India is still very much an emerging market. We have so many mature markets in the world that have been around, for instance, we’ve been 80 years in Sweden. We've been so many years in the European market. And so compared to them, we are still a baby and we're trying to do our best to grow. 
The good thing is that global has a strong belief in us because the Indian market is amazingly growing at a good pace and we believe that India is one of our biggest potential markets. So we'll see in the next 10 years how big we can grow. We are definitely here for the long term and we're not giving up. At least I think our founder would like to be here for another eighty years!
Ikea is globally known, apart from its DYI products, for some of its cool campaigns- like, for instance, the ‘Life is not an Ikea catalogue’ campaign. When will we get to see such cool campaigns in India as well?
You will get to see some cool campaigns here as well. We had a cool one up just a few weeks back that we have gotten so much attention on. We have a big focus on storage across the home. So we came up with one campaign that we called the ‘ads that skip you’ campaign where we put out the message that by getting organised you save so much time. You don't need to look for your stuff, so you can skip the ad. And it received a lot of good attention in the media.
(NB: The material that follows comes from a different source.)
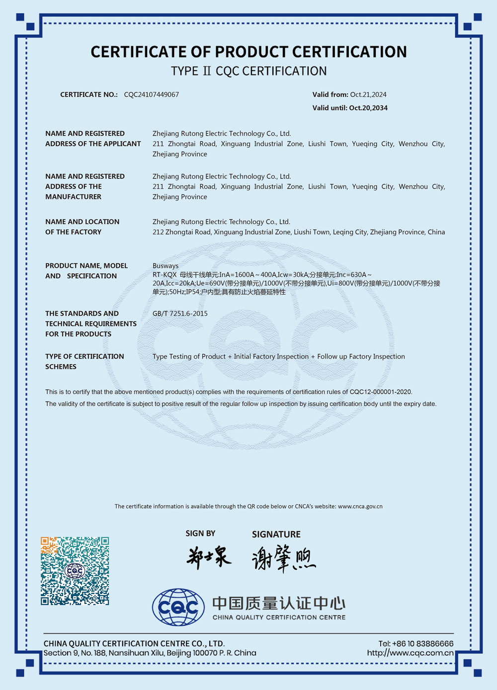 Компания Zhejiang Rutong Electric Technology Co., Ltd. — это специализированное предприятие, объединяющее исследования и разработки, производство, продажи и сервисное обслуживание шинопроводов. Наша основная продукция включает в себя низковольтные компактные шинопроводы, низковольтные шинопроводы с высокой степенью защиты, высоковольтные шинопроводы, огнестойкие шинопроводы, шинопроводы для ветроэнергетики и многое другое. Кроме того, мы предоставляем комплексные услуги, такие как консультации по проектированию, управление проектами, руководство по монтажу и техническое обслуживание продукции.
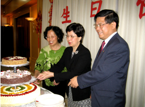 當(dāng)?shù)貢r(shí)間8月20日晚上,中國(guó)駐巴西大使館張燈結(jié)彩,喜氣洋洋。一場(chǎng)別開(kāi)生面的生日晚會(huì)在這里舉行。燭光的映照下,桌上擺放著臺(tái)灣同胞黃先生專門(mén)制作的生日蛋糕,還有使館的廚師精心準(zhǔn)備的長(zhǎng)壽面和壽桃。在祝福聲中吹滅蠟燭的是世界衛(wèi)生組織總干事陳馮富珍女士。近日,她正在巴西視察工作,今天是她的60大壽。

Another one that was also extremely appreciated a few weeks back was the ‘desktop organiser’ campaign. 
Having said that, to be honest, we are new in the country. There are certain phases we need to go through to create awareness. If people don't know who we are before we get too groovy and fun, it's difficult to reach people. So we try to be Ikea - as ‘twinkle in the eye’ as we can - but we also need to count on that we need to be understandable for many, many more before we can become as groovy as, maybe, the Swedish market can be where the audience or the top of mind is 99.9%. 
So we are testing the waters and we're getting ready. We're finding ways to mix that wonderful ‘Swedishness’ and ‘Ikeaness’ together with India. 
I think we will be braver and more fun in our campaigns going forward. Having fun and being playful is part of our DNA.
Globally, McCann was recently hired as your creative agency. Who is your creative agency in India? And would you be looking at forging a long-term relationship with them?
We are working together with Leo Burnett here. And we love long-term relationships and usually, when we start working together with an agency, we are extremely loyal and we let the marriage stay for long. 
I think when you stay together for a long time, the trust that is built is extremely important in the relationship. It's very much about doing things together, and not just on a ‘client’ basis. They become close to us as they are working for the brand with us, which is very nice.
Finally, coming to this year's festive season, what are Ikea's expectations? Are there any key highlights you're looking to make the most of?
We're looking forward to, of course, extremely high visitation and good sales and we're looking forward to people coming to these stores and online and feeling the energy and the passion that we could enable for the festive season. While also talking about buying less and not more to achieve your festive look with the Ikea touch that makes everything new. That is something we would like to keep. But at the same time, we want to create Ikea as a gifting destination. And for that, we have some really good insights and ideas and some interesting films coming out in the next few weeks.